Our Property Manager, a Delaware limited liability company, was formed on October 7, 2020 to manage our properties. Our Property Manager will derive substantially all of its income from the property management services it performs for us. Our Property Manager may enter into sub-property management agreements with third party management companies and pay part of its management fee to such sub-property manager. See Note 9 – Related Party Transactions – Property Management Agreement.

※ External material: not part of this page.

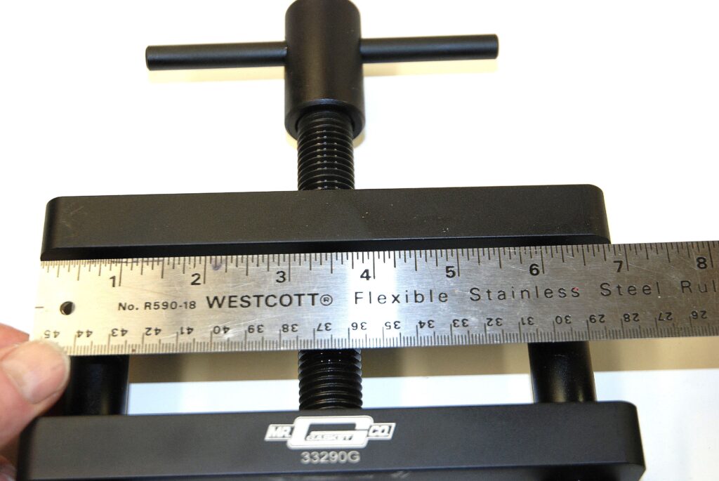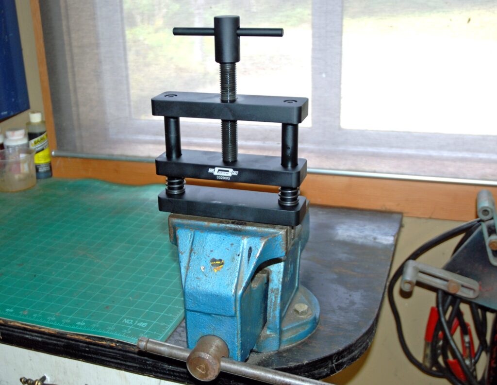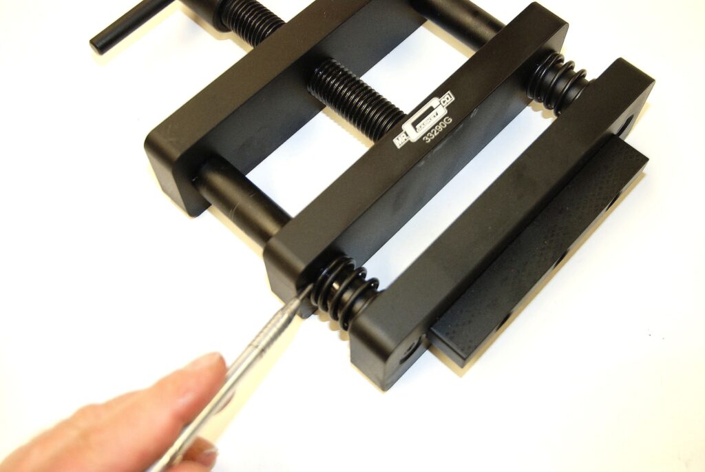 In order to use the vise, you can mount it directly on your bench or (my choice) insert it in your bench vise. The base of the rod vise features a step engineered to fit into the jaws of a bench vise. Given the steel threads of the adjustment bolt running through billet aluminum it’s a good idea to lube the threads carefully (anti seize is perfect here). Ditto with lube on the pair of sprung guide pins on either end.

Our dealer manager was Pacific Oak Capital Markets, LLC, a Delaware limited liability company (our “Former Dealer Manager”). On February 26, 2021, we entered into a dealer manager agreement with our Former Dealer Manager (the “Private Offering Dealer Manager Agreement”), pursuant to which our Former Dealer Manager was responsible for marketing our shares offered pursuant to the Private Offering. In connection with our Public Offering, we entered into a dealer manager agreement with our Former Dealer Manager, pursuant to which our Former Dealer Manager was responsible for marketing our shares offered pursuant to our Primary Offering (as amended, the “Dealer Manager Agreement”). On June 18, 2025, in connection with the termination of the Primary Offering, the Dealer Manager Agreement was terminated.

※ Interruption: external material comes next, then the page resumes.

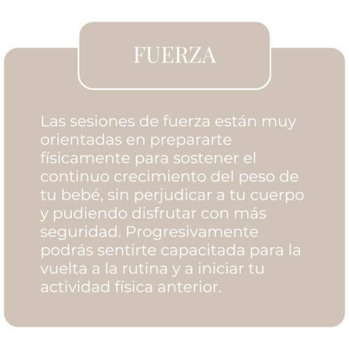 Sesión de entrenamiento centrada en el tren superior para fortalecer los brazos para sostener al bebé y fortalecer la espalda para prevenir dolores.

As we accepted subscriptions for shares of our common stock, we transferred all of the net offering proceeds to our Operating Partnership as capital contributions in exchange for additional units of interest in our Operating Partnership. However, we were deemed to have made capital contributions in the amount of gross proceeds received from investors, and our Operating Partnership was deemed to have simultaneously paid the sales commissions and other costs associated with the offerings. In addition, our Operating Partnership is structured to make distributions with respect to limited partnership units

that are equivalent to the distributions made to holders of common stock. Finally, a limited partner in our Operating Partnership may later exchange his or her limited partnership units in our Operating Partnership for shares of our common stock at any time after one year following the date of issuance of their limited partnership units, subject to certain restrictions outlined in the limited partnership agreement of our Operating Partnership, which was amended and restated in connection with the Public Offering (the “Operating Partnership Agreement”). SSA and SmartStop OP are prohibited from exchanging or otherwise transferring units representing $202,000 of the limited partnership units acquired in their initial investments in our Operating Partnership so long as our Advisor is acting as our Advisor pursuant to our Advisory Agreement.